Why does the doubly-magic nucleus tin-$132$ have such a short mean lifetime?

Question

Why does the doubly-magic nucleus tin-$132$ have such a short mean lifetime? Only because it is far from valley of stability?

Answer 1

At first, heaviest unstable $Sn$ isotope found is not ${}^{132}Sn$, but ${}^{139}Sn$, having 89 neutrons with half-life of $130~\text{ms}$.

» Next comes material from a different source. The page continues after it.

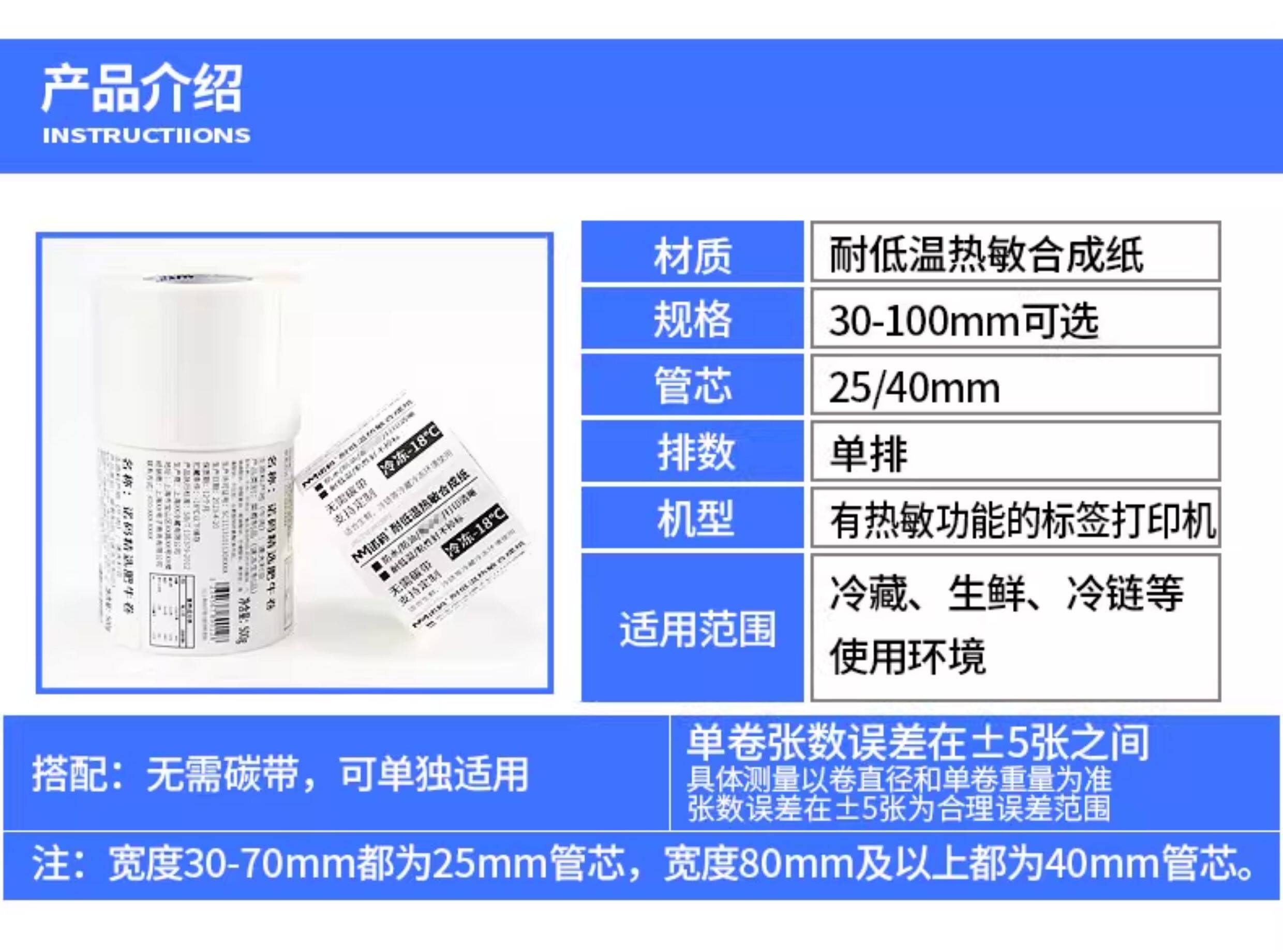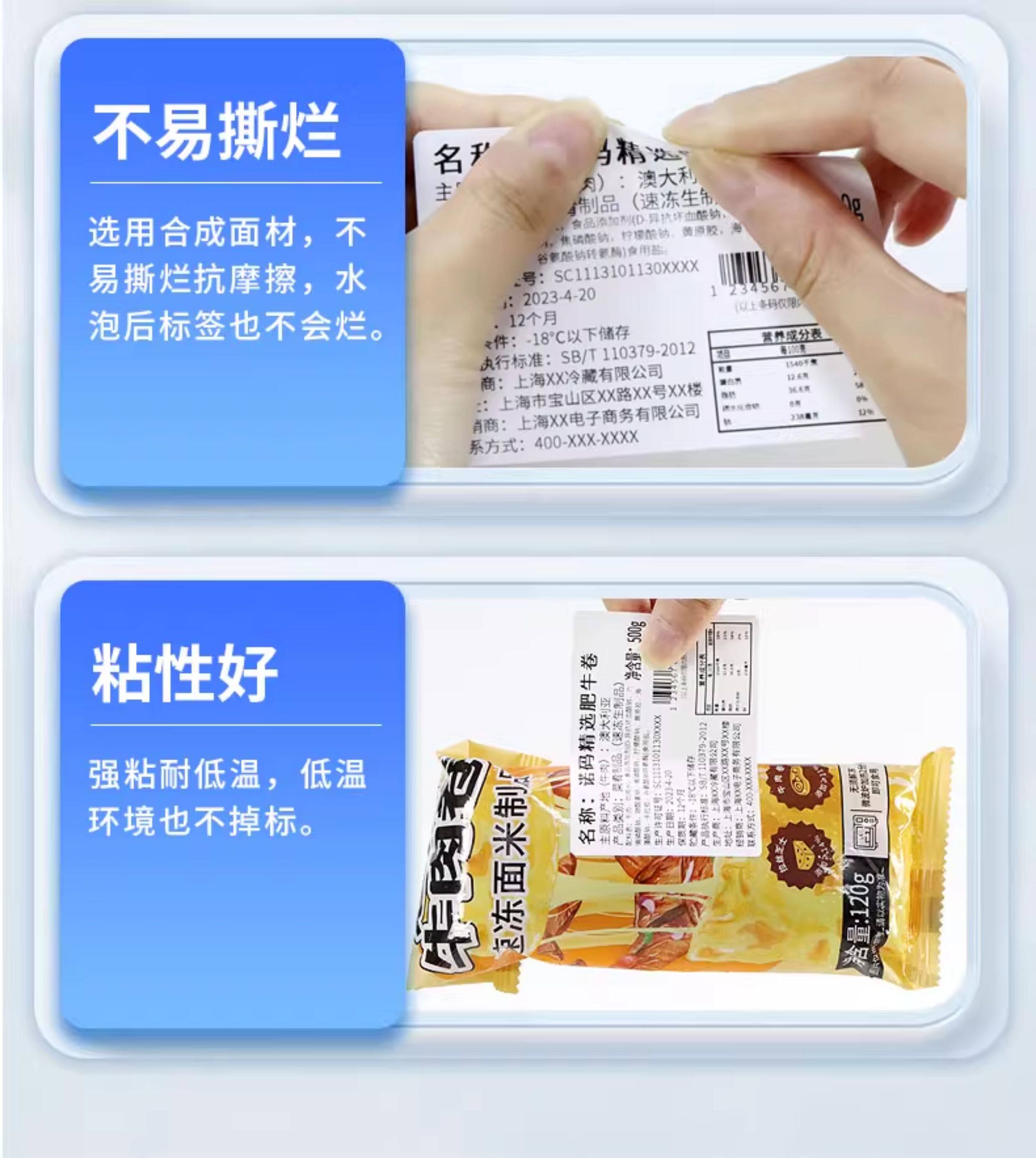 Waterproof, not easy to tear, five-proof heat-sensitive label paper, synthetic paper 60x40*30 20 50 70 80 100, low temperature and freezing resistance, three-proof self-adhesive printing paper, food sticker, four-proof refrigeration

Second, if you'll draw a chart how half-life depends on number of neutrons in a Tin, you'll get this:

Stability band is between $N \in [63,71]$, where neutron amount is roughly about $[1.3,1.4]\times Z$, i.e. when neutron number not exceeds proton number very much, so that repulsive electrostatic force between protons is balanced nicely with strong nuclear force.

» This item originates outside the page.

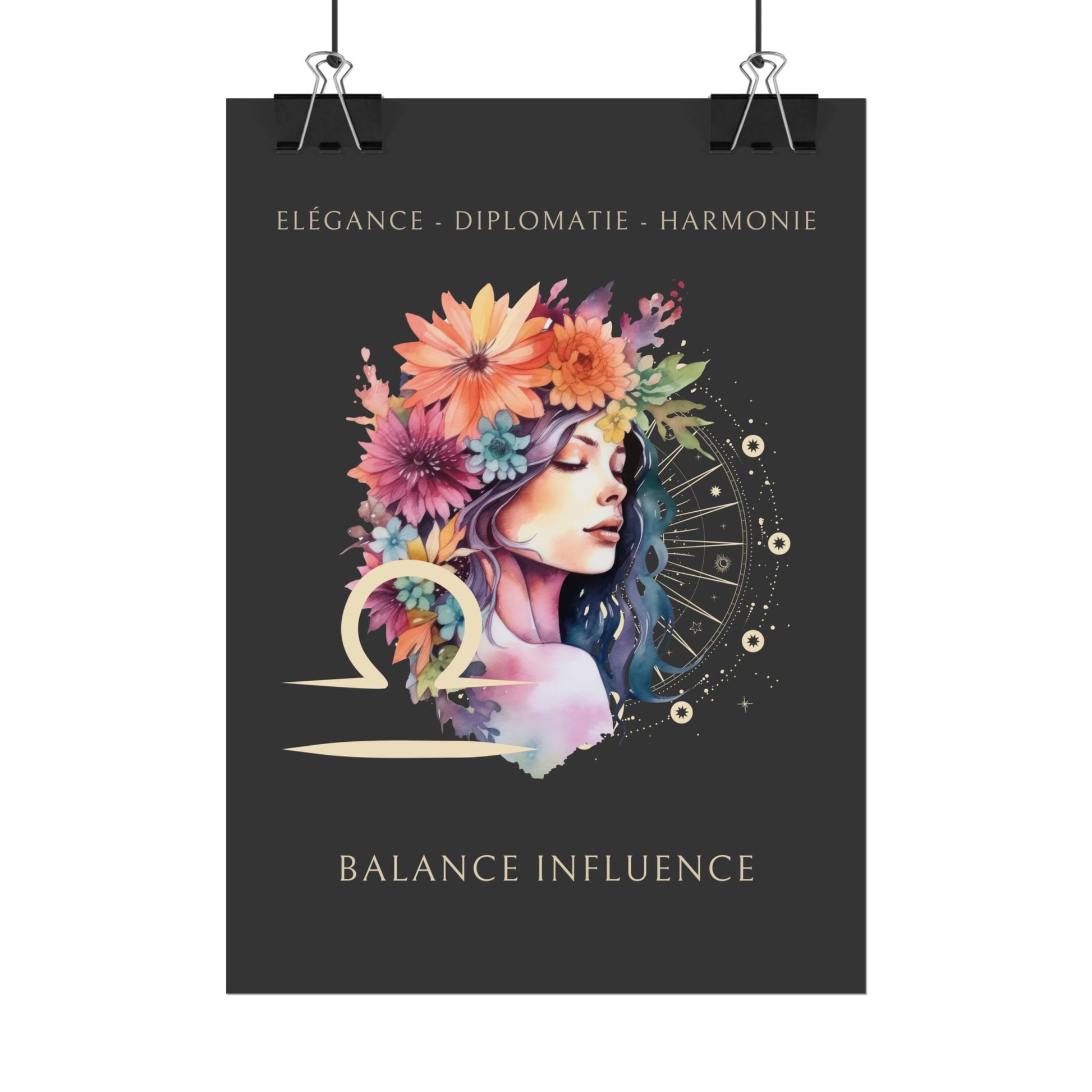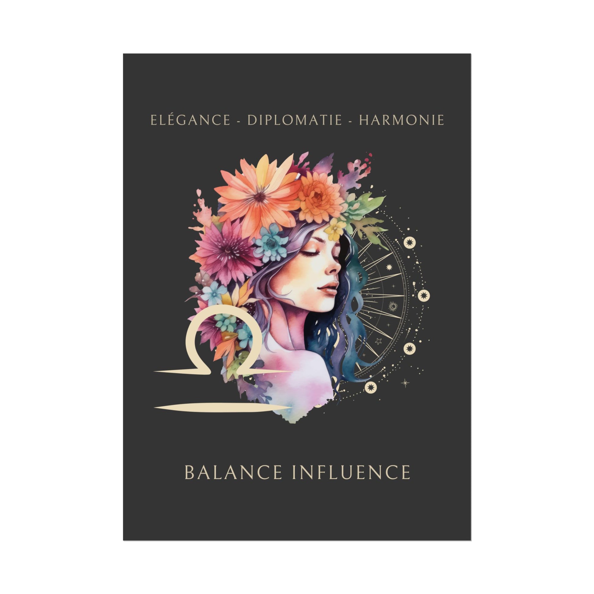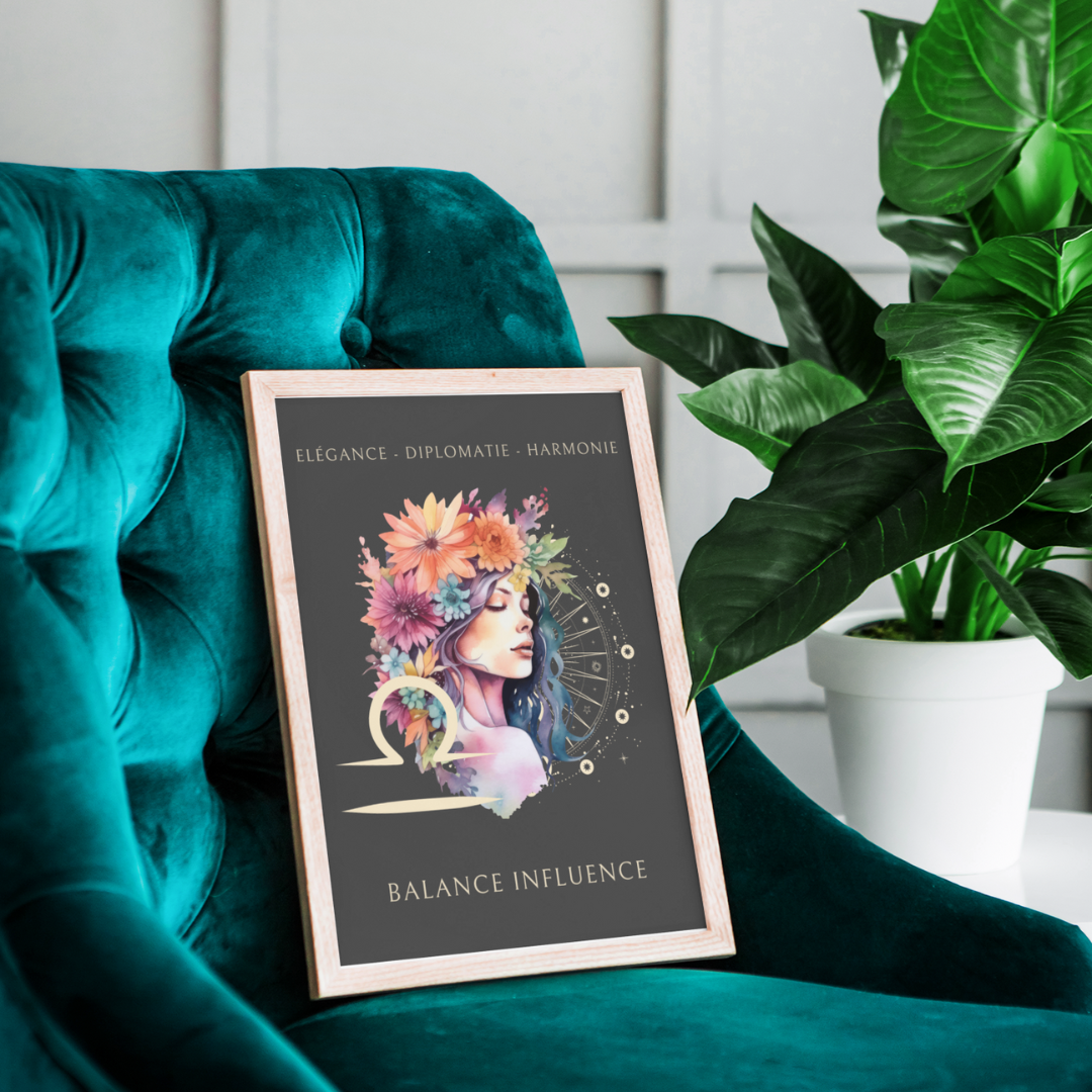 Exprimez l’élégance et l’équilibre du signe de la Balance avec ce magnifique poster, conçu pour les femmes nées sous ce signe d'air. L’illustration de Mélanie, entourée de fleurs, incarne l’essence de la Balance tout en mettant en avant ses qualités uniques : élégance, diplomatie et harmonie.

If there is too much neutrons, then nucleus becomes unstable, so that either $\beta^-$ or $\beta^+$ decay happens, converting either protons into neutrons or vise-versa - neutrons into protons, with reactions :

$$ n \to p + e^- + \overline \nu_e \\ p \to n + e^+ + \nu_e \tag 1$$

Finally, just for the sake of argument, if there's too less neutrons,- so that according to liquid drop model,- when neutron number in nucleus will be :

$$ N \leq \frac {1}{47}Z^2 −Z \tag 2,$$

then Spontaneous fission will happen noticeably.

For ${}_{50}Sn$ (2) gives just 3 neutrons. In spontaneous fission nucleus starts to emit heavy particles like in $\alpha$ decay. However, it's not easy to artificially build ${}^{53}_{50}Sn$ isotope to test this neutron lower bound condition. From the rest of known all elements and their isotopes, just ${}^{294}_{118}Og$ element have required condition :

$$ Z^2/A = 47.36 \geq 47 \tag 3$$ for spontaneous breakout (at least in the liquid drop model which is not too accurate for heavy atoms).

Nevertheless,- neutron number in a nuclei must have right balancing conditions to a proton number, so that less or more neutrons is hazard for an atom in general.